Exactly as written, repeat all of the records below.

Saved entries:

■ ■ ■ ■

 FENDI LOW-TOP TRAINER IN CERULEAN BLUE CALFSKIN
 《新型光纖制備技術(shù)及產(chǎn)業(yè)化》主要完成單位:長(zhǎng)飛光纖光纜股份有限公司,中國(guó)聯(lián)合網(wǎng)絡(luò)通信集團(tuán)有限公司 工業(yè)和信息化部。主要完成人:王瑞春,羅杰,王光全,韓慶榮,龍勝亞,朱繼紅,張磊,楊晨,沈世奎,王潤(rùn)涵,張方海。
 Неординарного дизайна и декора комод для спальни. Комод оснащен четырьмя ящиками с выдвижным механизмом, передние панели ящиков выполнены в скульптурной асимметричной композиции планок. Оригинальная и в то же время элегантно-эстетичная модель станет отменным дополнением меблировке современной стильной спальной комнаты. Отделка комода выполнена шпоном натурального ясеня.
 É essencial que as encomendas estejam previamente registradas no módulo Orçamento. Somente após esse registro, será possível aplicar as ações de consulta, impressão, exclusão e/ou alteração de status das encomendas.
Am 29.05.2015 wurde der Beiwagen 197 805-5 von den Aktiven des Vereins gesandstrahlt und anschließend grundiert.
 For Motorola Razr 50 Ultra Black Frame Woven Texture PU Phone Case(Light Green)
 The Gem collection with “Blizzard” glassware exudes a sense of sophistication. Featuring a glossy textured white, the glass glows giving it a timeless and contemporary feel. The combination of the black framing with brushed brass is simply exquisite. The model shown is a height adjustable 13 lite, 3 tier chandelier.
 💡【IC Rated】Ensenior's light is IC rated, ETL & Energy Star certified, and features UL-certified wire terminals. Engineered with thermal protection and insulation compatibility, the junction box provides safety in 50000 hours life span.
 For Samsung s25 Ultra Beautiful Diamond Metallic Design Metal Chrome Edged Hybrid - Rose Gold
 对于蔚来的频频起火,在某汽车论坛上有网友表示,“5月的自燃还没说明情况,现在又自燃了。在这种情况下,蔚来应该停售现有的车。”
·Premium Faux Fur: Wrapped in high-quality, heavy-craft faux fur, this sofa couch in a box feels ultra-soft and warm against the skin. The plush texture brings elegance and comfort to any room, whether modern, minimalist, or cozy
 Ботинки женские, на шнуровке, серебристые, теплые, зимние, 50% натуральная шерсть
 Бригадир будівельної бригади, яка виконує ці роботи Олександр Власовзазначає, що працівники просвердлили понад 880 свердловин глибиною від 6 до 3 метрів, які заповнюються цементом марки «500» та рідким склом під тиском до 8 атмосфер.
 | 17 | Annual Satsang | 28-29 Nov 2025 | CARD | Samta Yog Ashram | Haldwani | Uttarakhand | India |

■ ■ ■ ■

**Solution for this exercise**
 FENDI LOW-TOP TRAINER IN CERULEAN BLUE CALFSKIN
 《新型光纖制備技術(shù)及產(chǎn)業(yè)化》主要完成單位:長(zhǎng)飛光纖光纜股份有限公司,中國(guó)聯(lián)合網(wǎng)絡(luò)通信集團(tuán)有限公司 工業(yè)和信息化部。主要完成人:王瑞春,羅杰,王光全,韓慶榮,龍勝亞,朱繼紅,張磊,楊晨,沈世奎,王潤(rùn)涵,張方海。
 Неординарного дизайна и декора комод для спальни. Комод оснащен четырьмя ящиками с выдвижным механизмом, передние панели ящиков выполнены в скульптурной асимметричной композиции планок. Оригинальная и в то же время элегантно-эстетичная модель станет отменным дополнением меблировке современной стильной спальной комнаты. Отделка комода выполнена шпоном натурального ясеня.
 É essencial que as encomendas estejam previamente registradas no módulo Orçamento. Somente após esse registro, será possível aplicar as ações de consulta, impressão, exclusão e/ou alteração de status das encomendas.
Am 29.05.2015 wurde der Beiwagen 197 805-5 von den Aktiven des Vereins gesandstrahlt und anschließend grundiert.
 For Motorola Razr 50 Ultra Black Frame Woven Texture PU Phone Case(Light Green)
 The Gem collection with “Blizzard” glassware exudes a sense of sophistication. Featuring a glossy textured white, the glass glows giving it a timeless and contemporary feel. The combination of the black framing with brushed brass is simply exquisite. The model shown is a height adjustable 13 lite, 3 tier chandelier.
 💡【IC Rated】Ensenior's light is IC rated, ETL & Energy Star certified, and features UL-certified wire terminals. Engineered with thermal protection and insulation compatibility, the junction box provides safety in 50000 hours life span.
 For Samsung s25 Ultra Beautiful Diamond Metallic Design Metal Chrome Edged Hybrid - Rose Gold
 对于蔚来的频频起火,在某汽车论坛上有网友表示,“5月的自燃还没说明情况,现在又自燃了。在这种情况下,蔚来应该停售现有的车。”
·Premium Faux Fur: Wrapped in high-quality, heavy-craft faux fur, this sofa couch in a box feels ultra-soft and warm against the skin. The plush texture brings elegance and comfort to any room, whether modern, minimalist, or cozy
 Ботинки женские, на шнуровке, серебристые, теплые, зимние, 50% натуральная шерсть
 Бригадир будівельної бригади, яка виконує ці роботи Олександр Власовзазначає, що працівники просвердлили понад 880 свердловин глибиною від 6 до 3 метрів, які заповнюються цементом марки «500» та рідким склом під тиском до 8 атмосфер.
 | 17 | Annual Satsang | 28-29 Nov 2025 | CARD | Samta Yog Ashram | Haldwani | Uttarakhand | India |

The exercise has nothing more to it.